The data
---------------

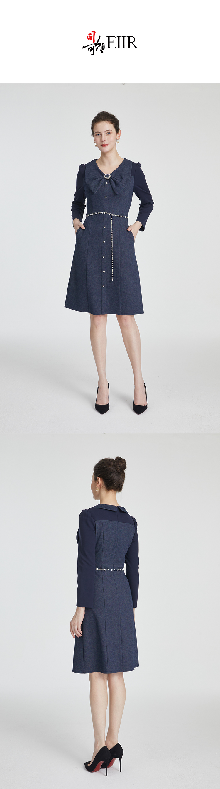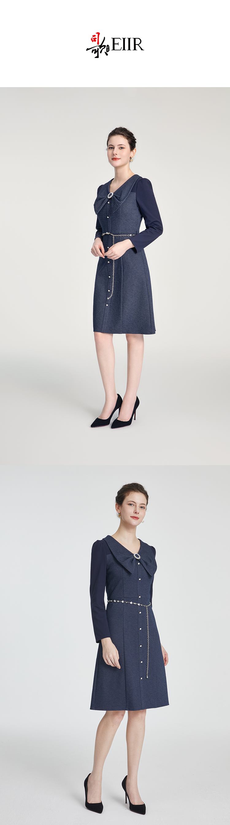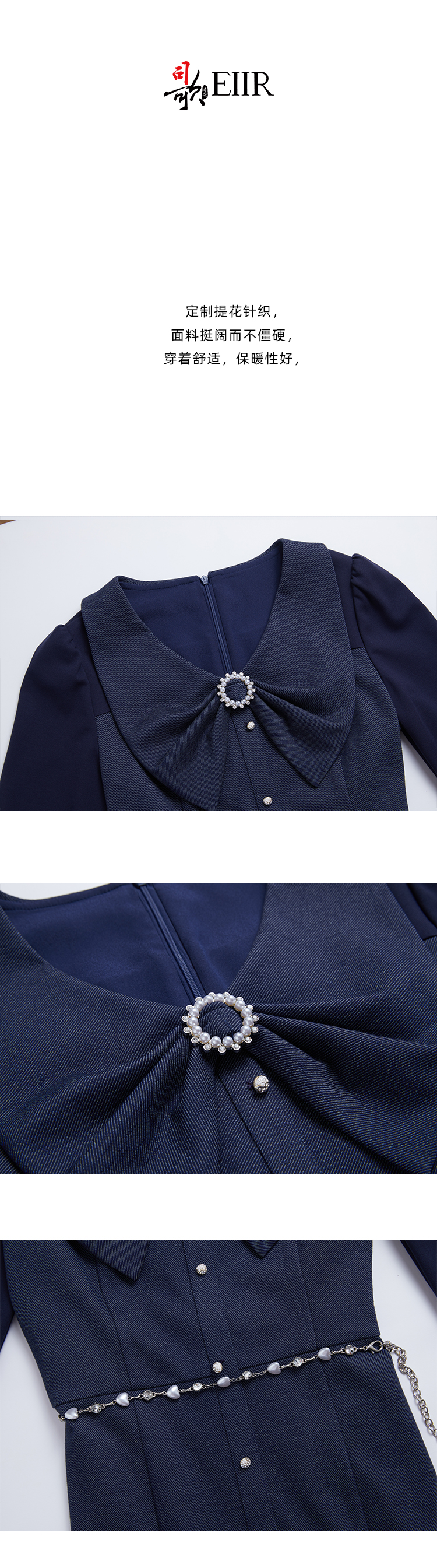 司歌冬连衣裙精致优雅v领长袖裙子收腰气质A881093
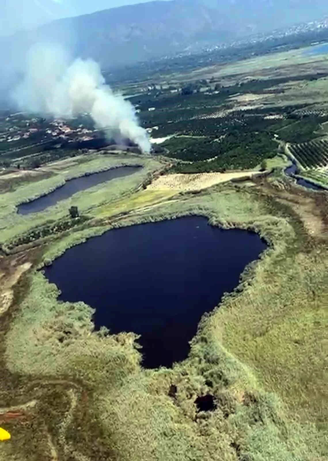 Muğla’nın köyceğiz ilçesinde öğle saatlerinde sazlık alanda başlayan yangına ekiplerin müdahalesi devam ediyor.
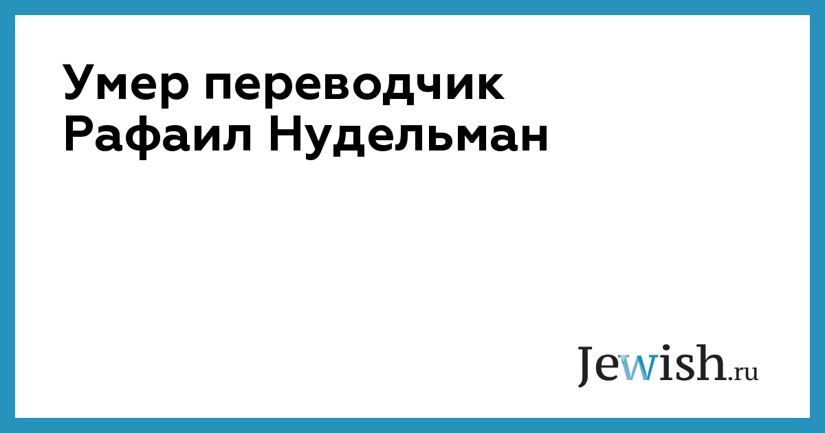 В Израиле в возрасте 86 лет скончался переводчик Рафаил Нудельман — человек, переведший на русский книги Шая Агнона, Давида Гроссмана, Меира Шалева и других известных израильских и не только израильских писателей. Рафаил Нудельман работал совместно с женой Аллой Фурман. О смерти переводчика сообщил журнал «Лехаим».
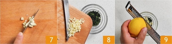 Pendant ce temps, préparez la gremolata : hachez finement les gousses d'ail 7, puis ajoutez-les au persil haché 8 avec le zeste de citron râpé 9. Mélangez bien.

---------------

Activity
Reproduce the listing verbatim, pictures excluded.

Answer section
 司歌冬连衣裙精致优雅v领长袖裙子收腰气质A881093
 Muğla’nın köyceğiz ilçesinde öğle saatlerinde sazlık alanda başlayan yangına ekiplerin müdahalesi devam ediyor.
 В Израиле в возрасте 86 лет скончался переводчик Рафаил Нудельман — человек, переведший на русский книги Шая Агнона, Давида Гроссмана, Меира Шалева и других известных израильских и не только израильских писателей. Рафаил Нудельман работал совместно с женой Аллой Фурман. О смерти переводчика сообщил журнал «Лехаим».
 Pendant ce temps, préparez la gremolata : hachez finement les gousses d'ail 7, puis ajoutez-les au persil haché 8 avec le zeste de citron râpé 9. Mélangez bien.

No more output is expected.